Kenneth Bryan Dart (born 1955) is a Cayman Islands-based billionaire businessman.[1] He is also a citizen of Belize and Ireland.[2] His wealth was estimated in 2013 at US$6.6 billion.[3] His family founded Dart Container, a food and beverage packaging company and the owner of Solo Cup.[1]
Kenneth “Ken” Dart was born in 1955 in Mason, Michigan.[4] Ken Dart graduated from the University of Michigan with a degree in mechanical engineering in 1976.[4] He then joined the Dart Container Corporation and was named president in 1986.[4][5] His brother Robert succeeded him in this role in 2001, when Kenneth moved to the board of directors.
In the mid-1990s Dart and his brother, Robert, both renounced their American citizenship. Kenneth took Caymanian, Belizean and, later, Irish citizenship. Robert holds Belizean and Irish citizenship, and resides in London.[2][6] Kenneth Dart moved his residence to the Cayman Islands and converted what was the beachfront West Indian club into his home in 1994.[7]
Dart started a number of Cayman-based enterprises, including Dart Enterprises, Dart Realty, and Cayman Shores Development.[8] In 1995, Ken Dart purchased the Coral Caymanian Hotel and is 236 acres of land which was developed into the town of Camana Bay.[7] Other Ken Dart properties include the Ritz-Carlton, the Yacht Club, and the Kimpton Seafire Resort and Spa.[1][7] Dart has his own construction company, Decco.[7]
In 1994, Dart became a citizen of Belize. At that time Dart offered his residence in Sarasota, Florida, to the government of Belize as a consulate with himself as its consul. This would have allowed him to live in the United States full-time as a foreign diplomat avoiding any actions by the Internal Revenue Service; the State Department rejected the arrangement.[9] The Reed Amendment of 1996, a tightening of U.S. tax laws concerning expatriates, was partially spurred by the Dart brothers' renunciation of their citizenship to avoid paying taxes.[10][11]
Dart owns Dart Management, "one of the best known of the so-called vulture funds."[12] The strategy of vulture funds is to buy government debts at sharply reduced prices when weak governments are in crisis, and eventually force these governments to pay the full amount of the debt. Dart employed this strategy in 1994 by acquiring Brazilian debt instruments and eventually generating a profit of about $600 million.[13]

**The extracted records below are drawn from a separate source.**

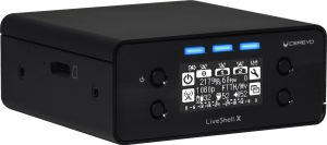 ・本体サイズ W:102 mm × D:100 mm x H:42 mm ・重量 内蔵バッテリなし380g、内蔵バッテリ装着で480g ・ライブ配信最大解像度 1080/60p(1配信時または1録画時のみ) ・ビットレート 100kbps ∼ 20Mbps
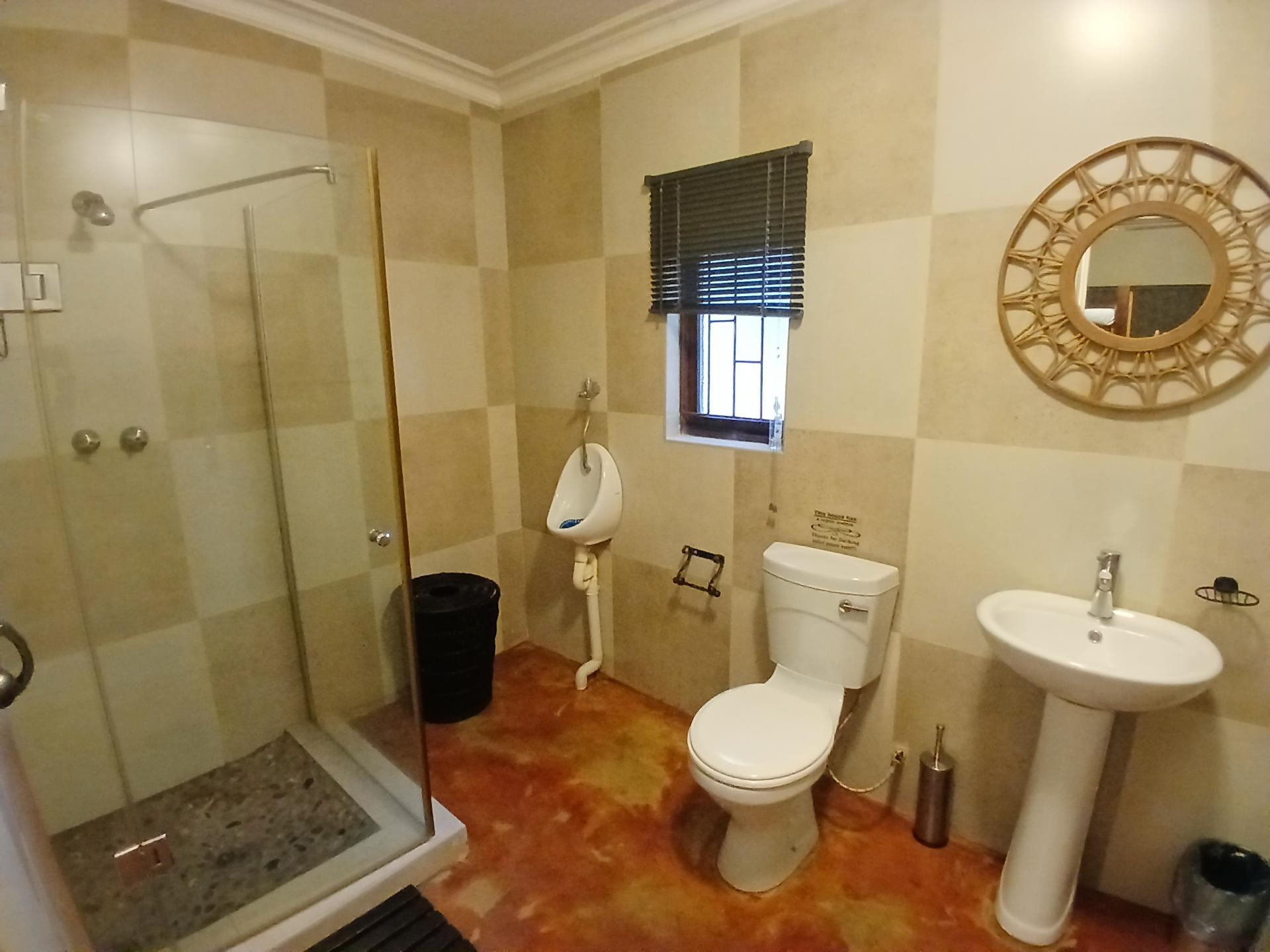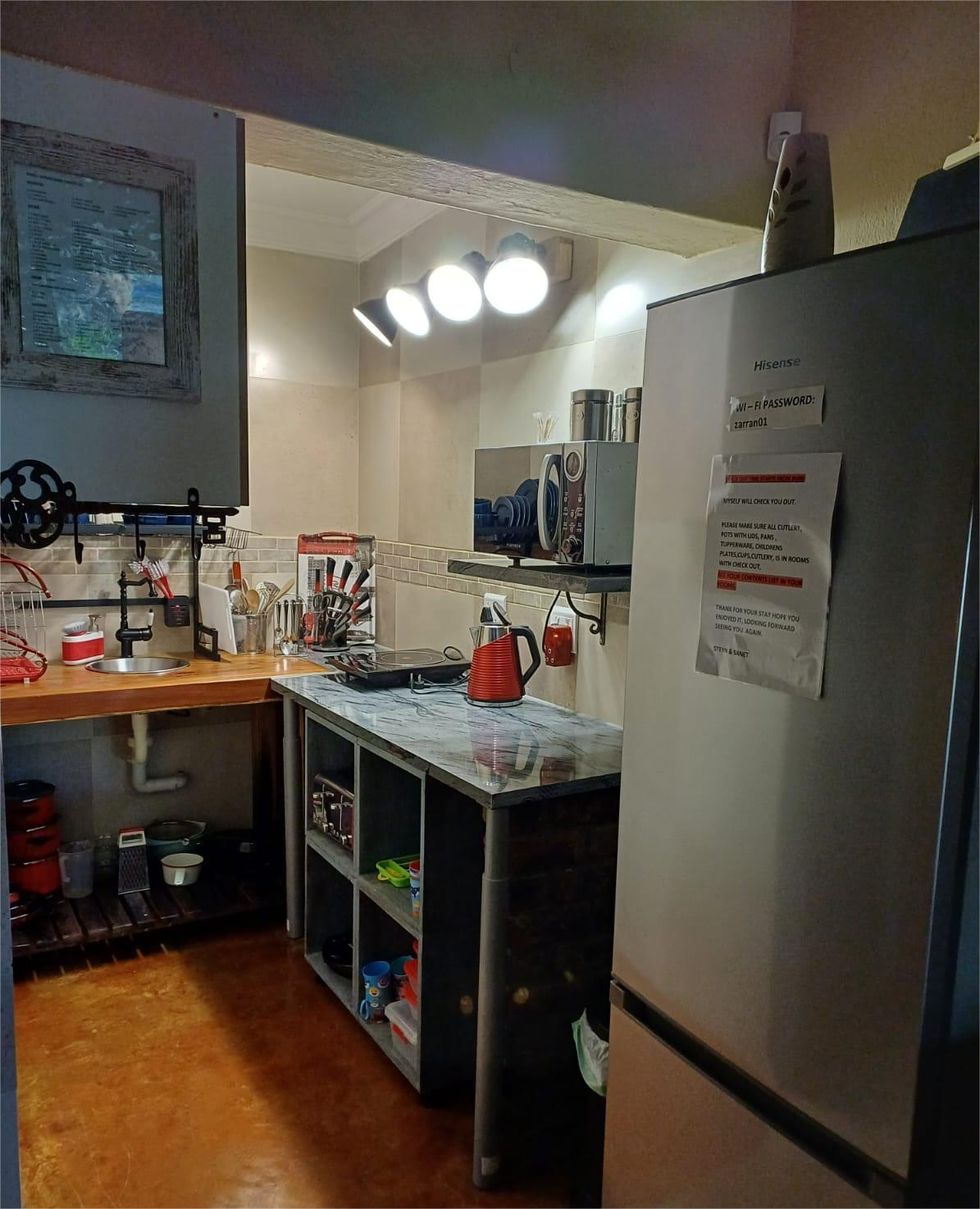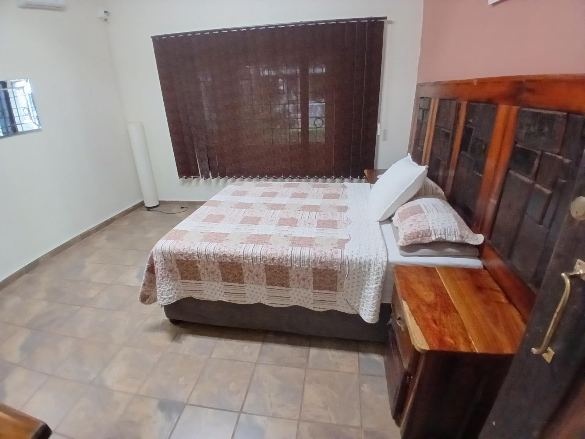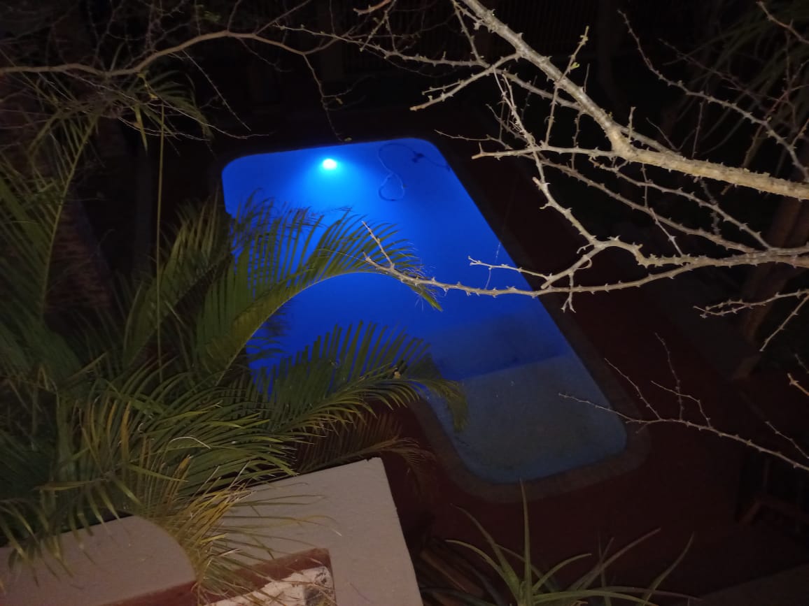 The main unit boasts two comfortable bedrooms, with cupboards and aircons, with the main having a walk in cupboard. Open plan living dining and kitchen area. Well laid out and fully equipped for your with a separate scullery area. This unit features 3 entrances for your convenience. On from the courtyard into the sitting area and the other one from the main en-suite leading to the pool and entertainment area, as well as a back door leading to the laundromat.
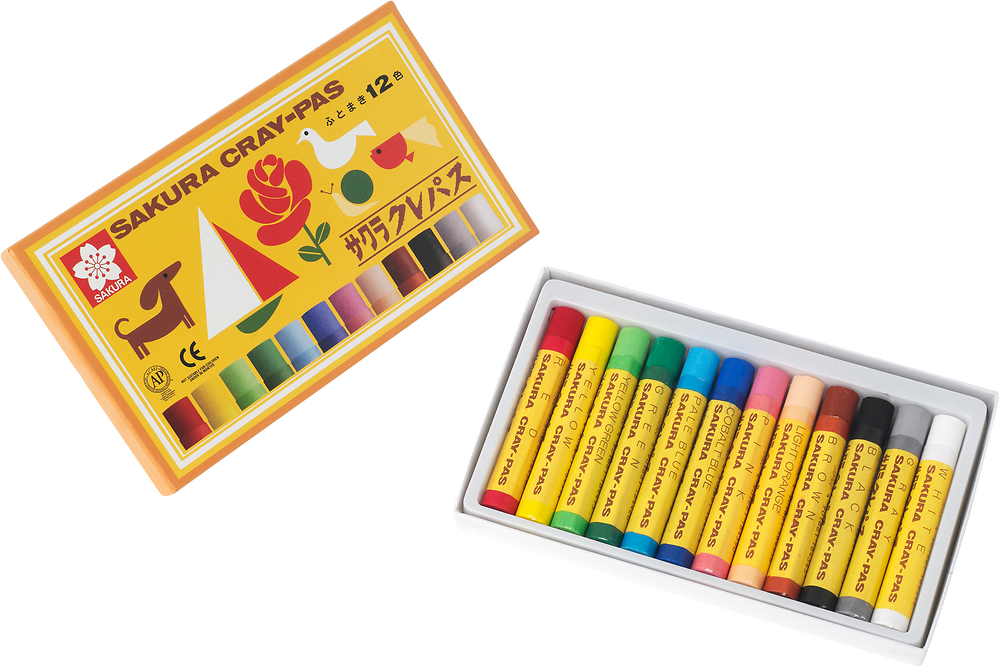 Fab crayons in a fab retro box. 12 oil pastels in beautiful rich colours - and they teach you the Japanese hiragana for each colour!

During the Greek financial crisis, Ken Dart was part of a group of investors that held more than $8.2 billion in bonds and did not participate in a proposed exchange in 2012.[12] Greek officials chose to repay Dart and other creditors in full for a total of €436 million. Dart received almost 90% of the initial payout.[12][13][14]
In the prolonged attempts to resolve the Argentinian financial crisis of 2001, Dart and Paul Singer rejected Argentina's restructuring offer in contrast to most other investors and brought their claim to the US court system.[15] In response to Dart's holdout strategy, the then Argentinian ambassador in the US, Jorge Argüello, rebuked Dart's activities,[16] while in the Argentinian press Dart was named "Enemy Number One of Argentina".[17]
In 2012, a New York State judge ruled in favor of the holdout creditors ordering Argentina to pay $1.3 billion and Argentina's appeal of the ruling at the US Supreme Court was rejected in 2014.[18] The rulings forced Argentina to miss bond payments in July 2014, which caused the country to be declared in selective default by Standard & Poor's and in restrictive default by Fitch Ratings, meaning that Argentina failed to meet some of their obligations while meeting others.[19] By 2017, Argentina's new president Mauricio Macri settled with holdouts and was able to access the international capital markets.[20]
In 2021, Dart made a $6.7 billion bet on tobacco stocks, considered a contrarian move in regards to Environmental, social and corporate governance related investments.[21]